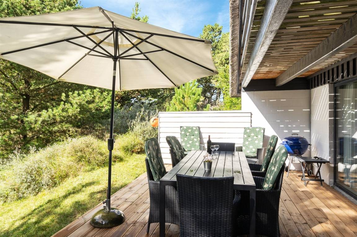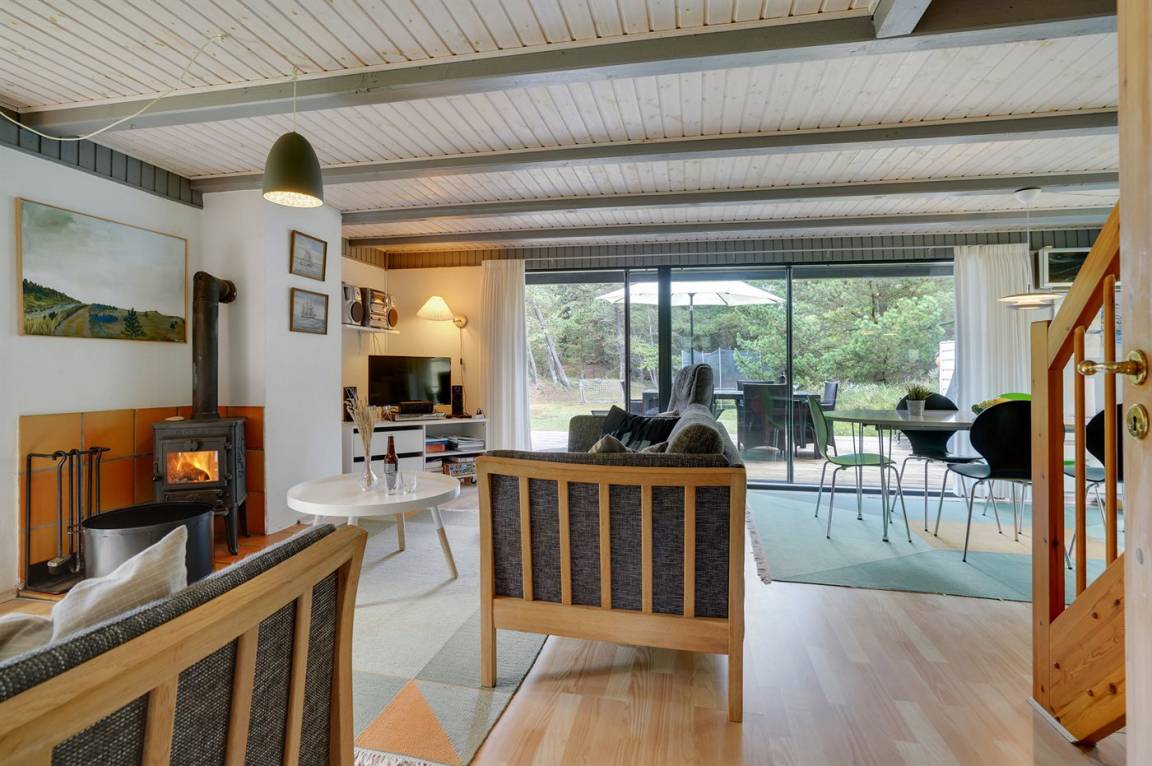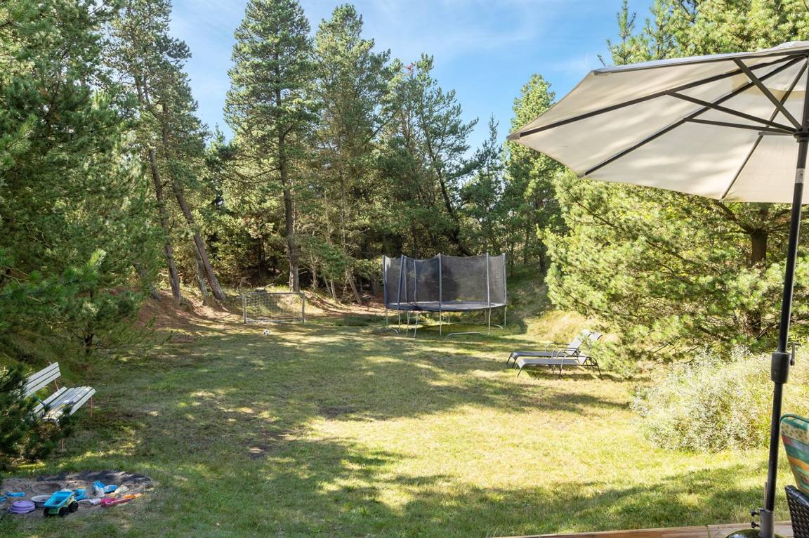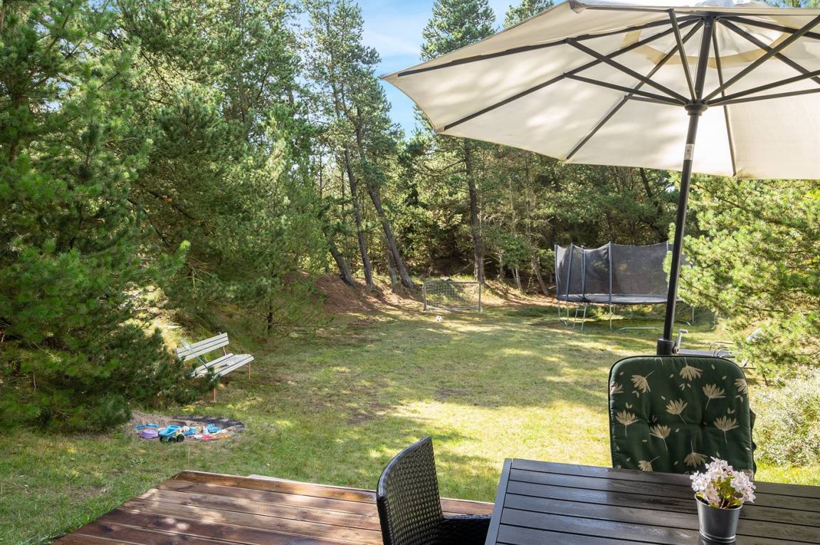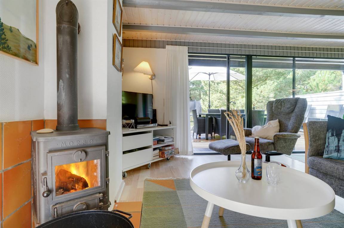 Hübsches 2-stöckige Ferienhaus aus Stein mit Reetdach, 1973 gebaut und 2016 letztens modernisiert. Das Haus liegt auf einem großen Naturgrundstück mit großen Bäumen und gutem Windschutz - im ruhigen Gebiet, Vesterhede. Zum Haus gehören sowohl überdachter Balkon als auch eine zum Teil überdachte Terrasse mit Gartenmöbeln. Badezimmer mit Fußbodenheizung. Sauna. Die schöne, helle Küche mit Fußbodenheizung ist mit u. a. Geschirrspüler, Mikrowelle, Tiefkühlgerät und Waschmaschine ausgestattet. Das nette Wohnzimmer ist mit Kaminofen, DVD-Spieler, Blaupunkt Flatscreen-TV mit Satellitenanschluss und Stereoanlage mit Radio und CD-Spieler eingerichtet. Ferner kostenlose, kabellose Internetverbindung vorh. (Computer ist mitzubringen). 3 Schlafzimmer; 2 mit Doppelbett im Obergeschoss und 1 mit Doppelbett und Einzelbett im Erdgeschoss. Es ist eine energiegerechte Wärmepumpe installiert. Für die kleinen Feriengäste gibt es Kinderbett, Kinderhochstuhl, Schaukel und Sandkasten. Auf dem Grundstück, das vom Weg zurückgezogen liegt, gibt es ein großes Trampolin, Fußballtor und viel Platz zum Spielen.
==========
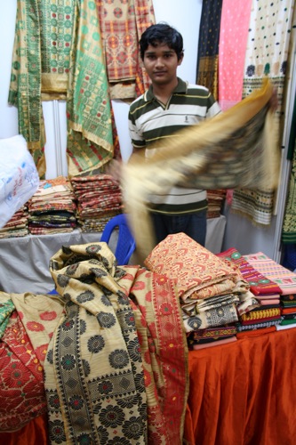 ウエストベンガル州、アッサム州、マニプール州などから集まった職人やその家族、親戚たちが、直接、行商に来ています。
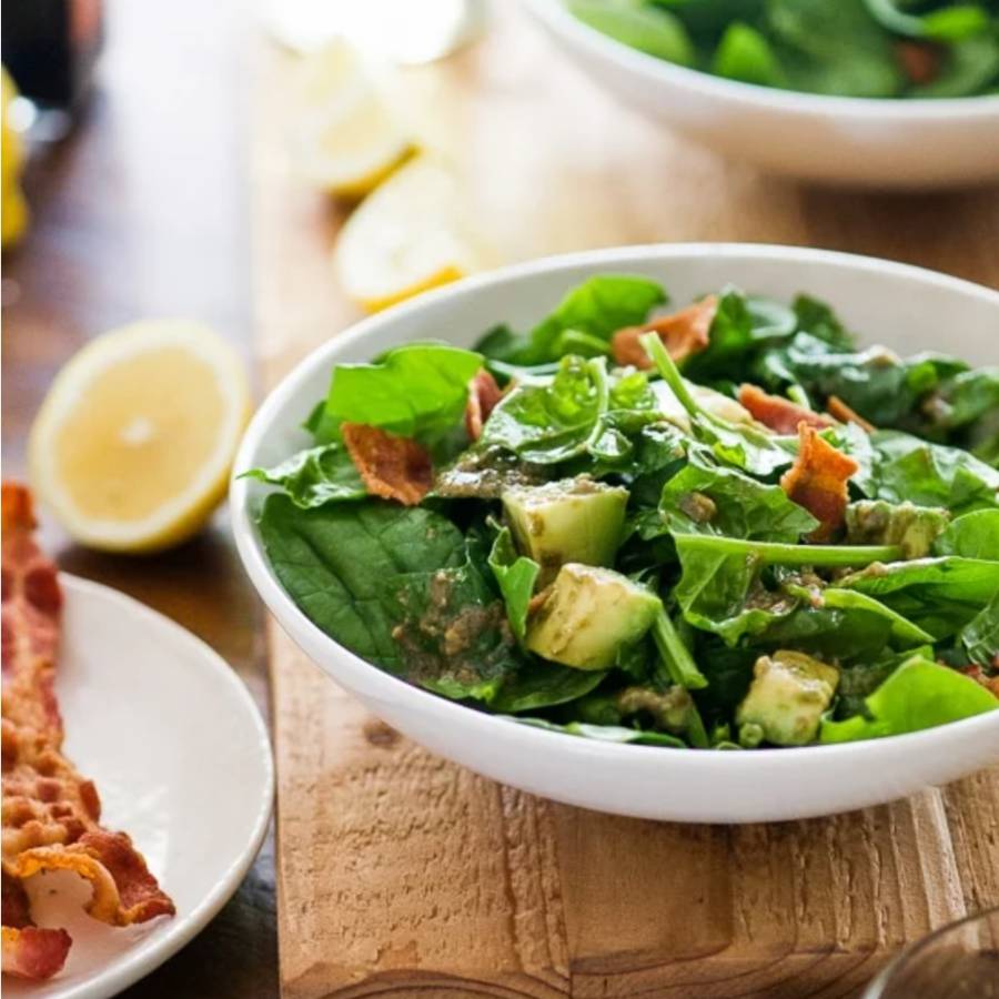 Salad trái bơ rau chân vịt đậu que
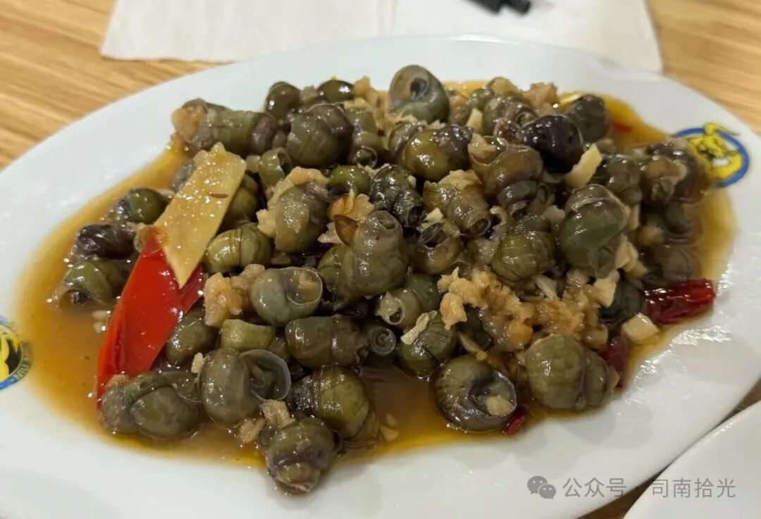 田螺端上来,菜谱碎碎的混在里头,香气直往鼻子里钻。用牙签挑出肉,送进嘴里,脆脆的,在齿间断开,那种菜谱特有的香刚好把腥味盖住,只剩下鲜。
==========
[What the task requires]:
Copy out exactly the lines above beginning with the line that contains "Salad trái bơ rau chân vịt đậu que" and finishing with the line that contains "田螺端上来,菜谱碎碎的混在里", including both; leave the pictures out.

[Solution to this problem]:
 Salad trái bơ rau chân vịt đậu que
 田螺端上来,菜谱碎碎的混在里头,香气直往鼻子里钻。用牙签挑出肉,送进嘴里,脆脆的,在齿间断开,那种菜谱特有的香刚好把腥味盖住,只剩下鲜。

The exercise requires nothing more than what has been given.